[PATCH] D95807: [RFC][Coroutines] Add the newly generated SCCs back to the CGSCC work queue after CoroSplit actually happened

Arthur Eubanks via Phabricator via llvm-commits llvm-commits at lists.llvm.org
Wed Feb 3 19:30:50 PST 2021


aeubanks added inline comments.


================
Comment at: llvm/lib/Passes/PassBuilder.cpp:625
-  if (PTO.Coroutines)
-    FPM.addPass(CoroElidePass());
-
----------------
ChuanqiXu wrote:
> aeubanks wrote:
> > ChuanqiXu wrote:
> > > lxfind wrote:
> > > > aeubanks wrote:
> > > > > we can still keep this here right? since we'll run the function simplification pipeline on the split coroutine
> > > > > also, this should be duplicated in `buildFunctionSimplificationPipeline()`
> > > > We could. It does create a logically strange situation, that CoroElide will run once before CoroSplit.
> > > > How to decide whether CoroElide should go into simplification pipeline or optimization pipeline?
> > > I agree with that it is strange that CoroElide would run once before CoroSplit. But if we only run CoroElide after CoroSplit, we may miss many optimization point.
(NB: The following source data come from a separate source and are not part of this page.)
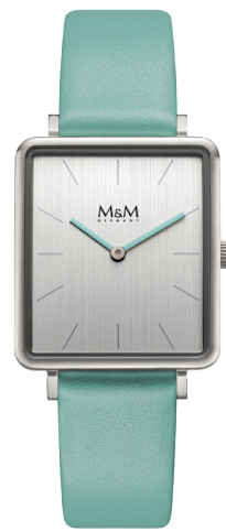
Referenz: M11977-822 Größe: 28x40 mm Uhrwerk: Quarz Gehäuse: Edelstahl, poliert Band: Leder, türkis Zifferblatt: silber Wasserdicht: 3 ATM UVP: 159,00 Euro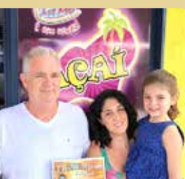
Sorveteria Ice Mel - Melhor Açai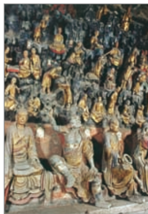
五百罗汉塑像 新津观音殿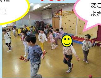
あこがれのよさこい…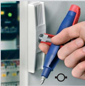
Öffnen eines Schaltschrankes mit Doppelbart (Bestell-Nr. 00 11 07)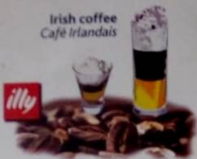
Irish coffee Café Irlandais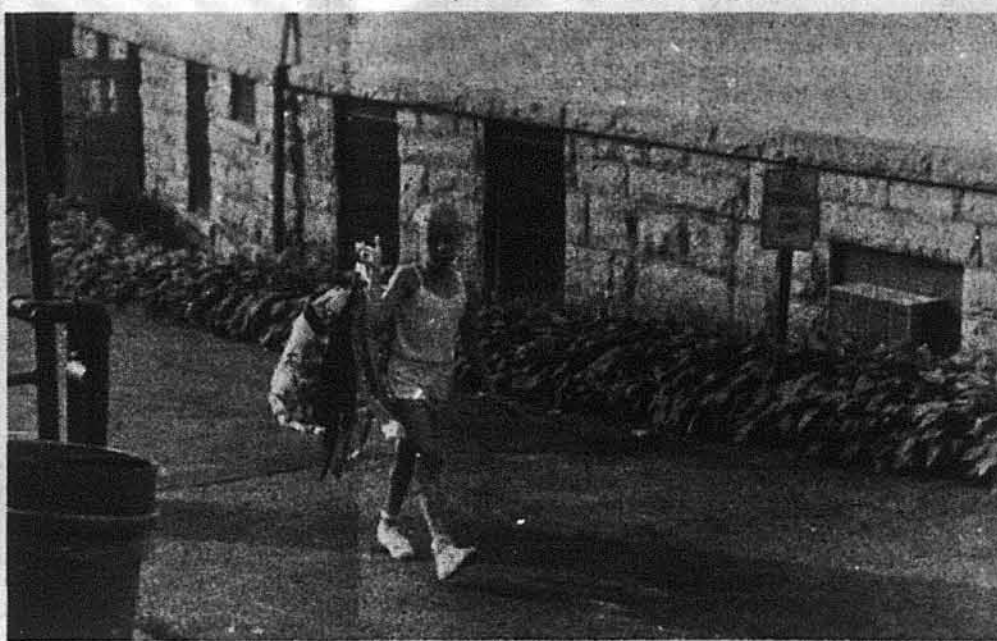
Швидка вечеря—і треба переодягатися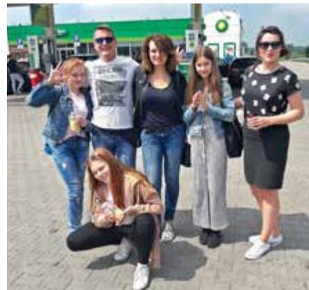
8 godzin w trasie, mimo zmęczenia dobry humor nie opuszczał ekipy Amatorskiej Sceny Policyjnej

ANNA KRAWCZYŃSKA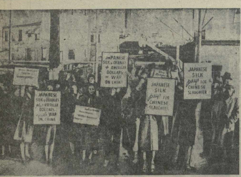
Движение за бойкот японских товаров в США. На снимке: жители гор. Сметля протестуют против разгрузки парохода, прибывшего с транспортом японских товаров. На плакатах лозунги: «Отказывайтесь покупать японские товары», «Покупка японского шелка потворствует разбою в Китае».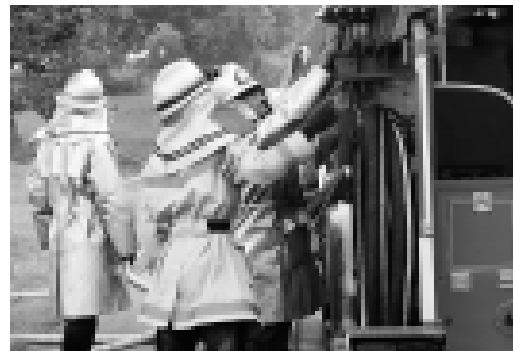
消防職員の防火衣は、軽くて活動しやすいタイプに更新します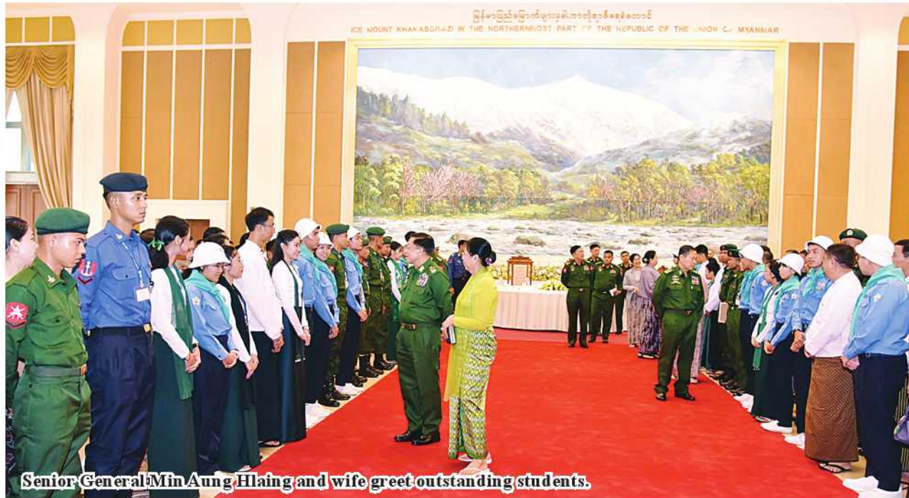
Senior General Min Aung Hlaing and wife greet outstanding students.

Nay Pyi Taw July 24 A ceremony to honour soldiers of Tatmadaw (Army, Navy and Air) and children of in-service Tatmadaw members, war veterans, substitute civilian service persons who passed the matriculation examination for academic year 2023-2024 with flying colours and qualified for outstanding students was held at Zeyathiri Villa here this afternoon, addressed by Chairman of State Administration Council Commander-in-Chief of Defence Services Senior General Min Aung Hlaing, who gave away honorary awards.

Given that a coroutine A was inlined into a coroutine B, and CoroElide run on B before the CoroSplit for B.
> > > ```
> > > define B(...) {
> > >     entry:
> > >          %A.handle = ...; The handle for A
> > >          ;... ; Some operations with A
> > >         call @llvm.coro.suspend(%B.handle, false); which is possible if the implementation of initial_suspend of the promise type of B isn't std::experimental::suspend_always
> > >         ;... Some other operations with A
> > >         call @llvm.subfn.addr(%A.handle, 1) ; means the end for the lifetime of A
> > > }
> > > ```
> > > In this example, CoroElide would find that every path from the definition of %A.handle to the exit point of B would pass `llvm.subfn.addr(%A.handle, 1) ` which means the end for the lifetime of `%A.handle` so that CoroElide may find that `%A.handle` isn't escaped in B. So it is possible that A maybe elided in B.
> > > 
> > > However if we run CoroElide only if B have been split,  we may miss the opportunity to elide A in B. I would give the example if needed.
> > > 
> > > I agree with that the design of CoroElide seems to be a little strange and need to be refactored likely. But I don't get a clear and feasible solution now.
> > The simplification pipeline is anything that simplifies/canonicalizes IR. Passes in the optimization may add complexity. If CoroElide mostly ends up cleaning things, it should definitely be in the simplification pipeline.
> > 
> > I'm not super familiar with the coroutine passes, but given that we now unconditionally re-add the current SCC to the queue, CoroElide should run before and after CoroSplit on any given function that is split. If that's good enough then I'd say keep this here.
> CoroElide pass would try to transform heap allocation to stack allocation, which is a major optimization in Coroutine Passes. To my understanding, it isn't equal to simplification. I am not pretty sure about this.
> 
> I prefer to run CoroElide before and after CoroSplit for now even it is strange.
Your description of the pass sounds like simplification/canonicalization to me.